LA ROSA NON CI AMA di Roberto Russo

LA ROSA NON CI AMA di Roberto Russo

con Cloris Brosca e Gianni De Feo, regia di Gianni De Feo

(Teatro Lo Spazio – Roma, 22/25 febbraio 2024)

Il coraggio di puntare sulla ricostruzione di una vicenda del 1590, venendo premiati dall’interesse di un pubblico da tutto esaurito per l’ultima replica in virtù della ragione forte dello spettacolo, della sua abile costruzione e di un automatico passaparola ben predisponente.

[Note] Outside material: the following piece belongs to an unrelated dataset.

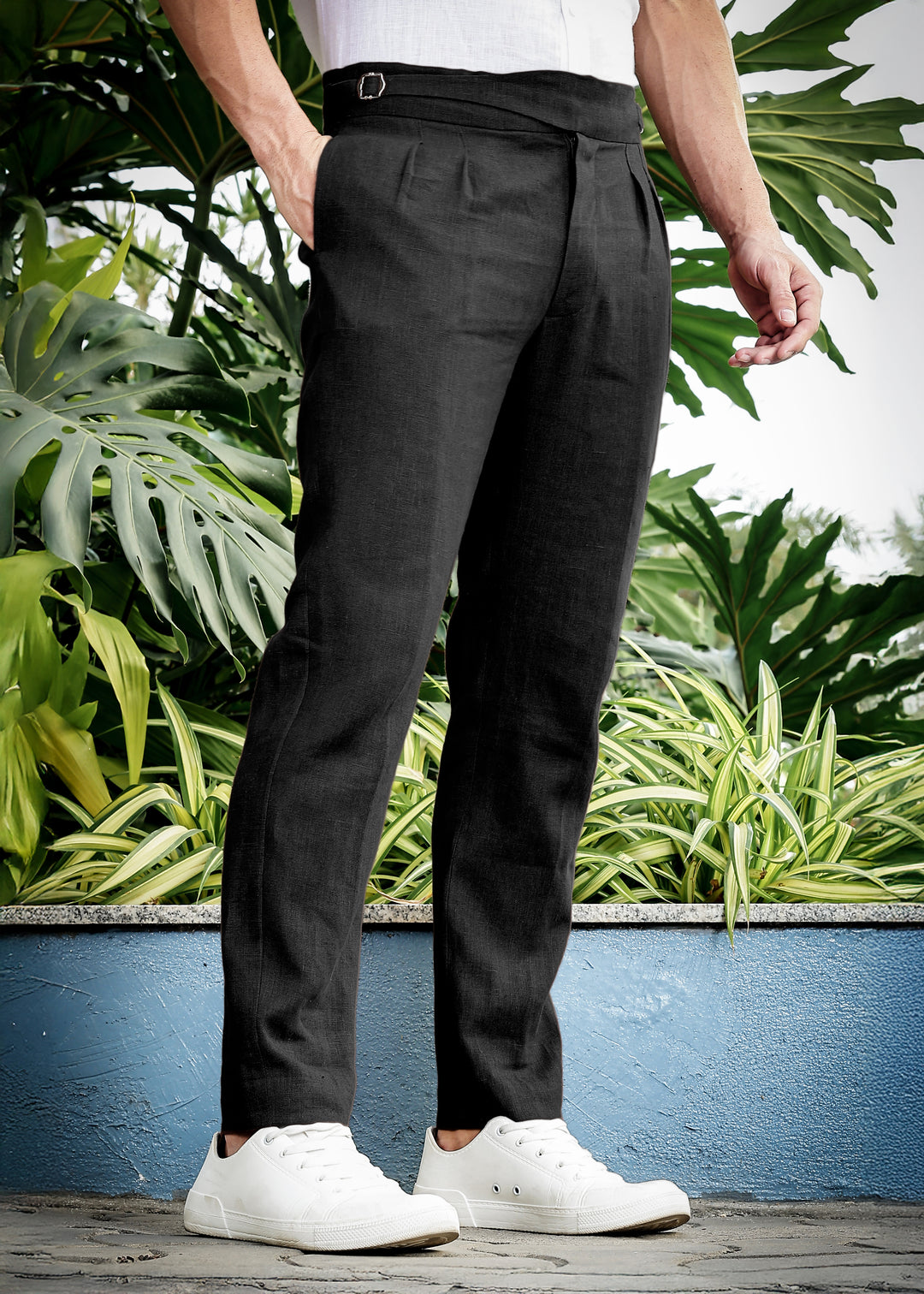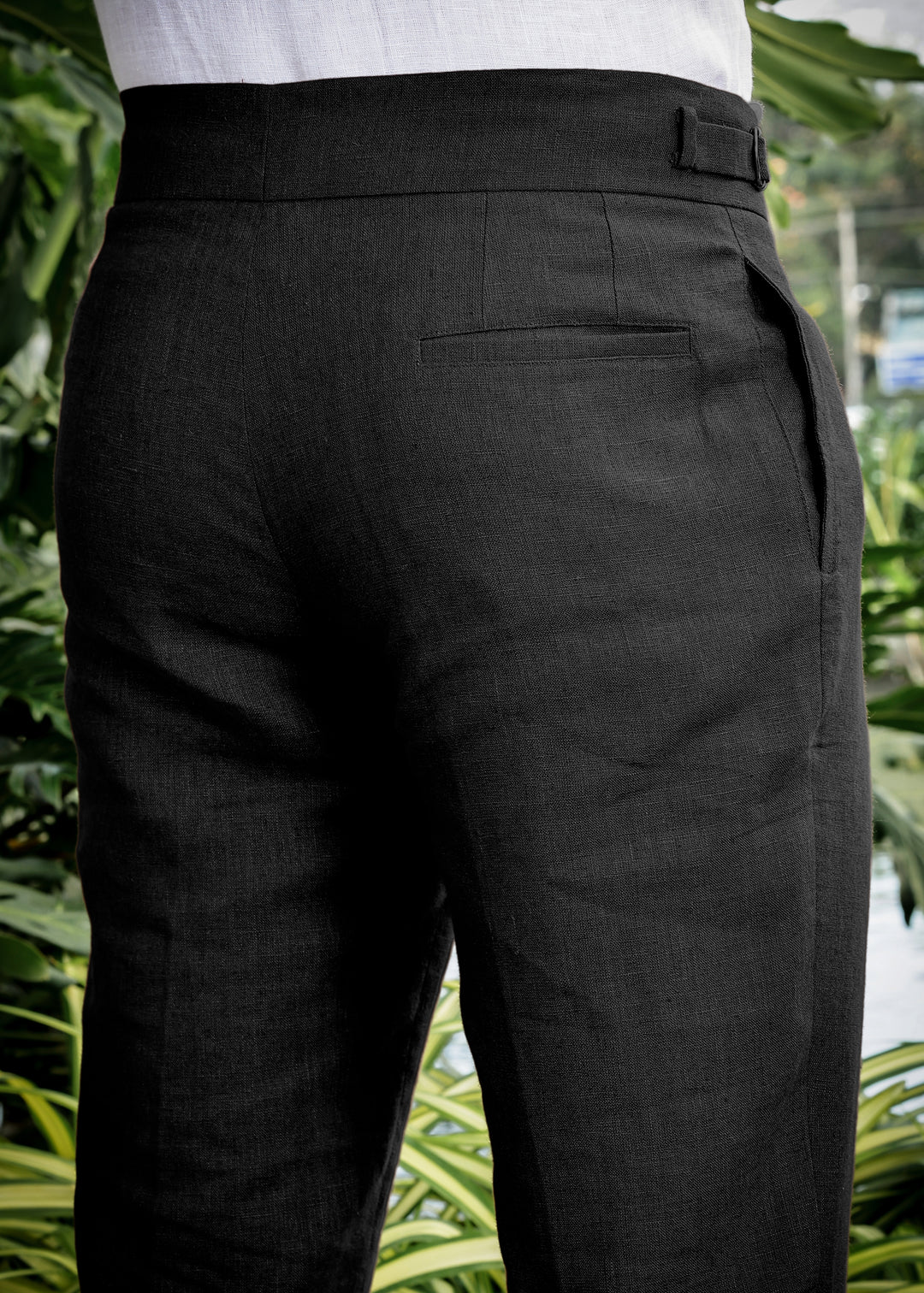 Ed - Premium Pure Linen Gurkha Pants - Black

Una storia di spada, di ammazzamenti e di quelle che nel passato si sarebbero definite corna. Il tradimento di una moglie può essere vendicato per giusta causa assoldando tre malviventi che si prestino all’agguato. È così che l’illustre Principe Carlo Gesualdo da Venosa, insigne musicista, infierì sul corpo della consorte Maria D’Avalos, sorpresa con premeditazione in colloquio intimo con il suo abituale amante, il Duca D’Andria Fabrizio Carafa. Si gravita attorno a Napoli, al suo idioma musicale condito da punte di spagnolo per la rievocazione del dramma. Tragedia a più voci perché i fantasmi della donna rimproverano al marito la spietatezza della decisione, provocata dal pettegolezzo popolare e da un malinteso senso dell’onore. I due protagonisti, empaticamente efficaci, ricoprono vari ruoli, facce e toni entrando nei panni del confessore, innesco della trama gesuitica, della ruffiana di corte che avvia la rivelazione e dunque provoca il delitto, costretta poi dal tribunale a una puntuale denuncia di quanto accaduto. La Brosca non è più teatralmente una rivelazione per chi la conosce negli antichi panni della chiromante televisiva. Il cubo di Rubik è il pretesto per lo sviluppo cromatico di una vicenda a più facce e a più percezioni. De Feo è vibratile e messo alla sbarra per quanto architettato e, nella fedeltà all’attitudine professionale del personaggio, fa sfoggia di bella e ben portata voce. Un’altra sensibile icona sulla scena è la rosa, un fiore che incarna un amore tradito e sbagliato. Toni potenti, mai velleitari per una rievocazione memorialistica di pregio, fuori dalle scelte del mainstream e dunque particolarmente apprezzabile. Con il valore aggiunto di madrigali arricchiti da testi scritti da Torquato Tasso.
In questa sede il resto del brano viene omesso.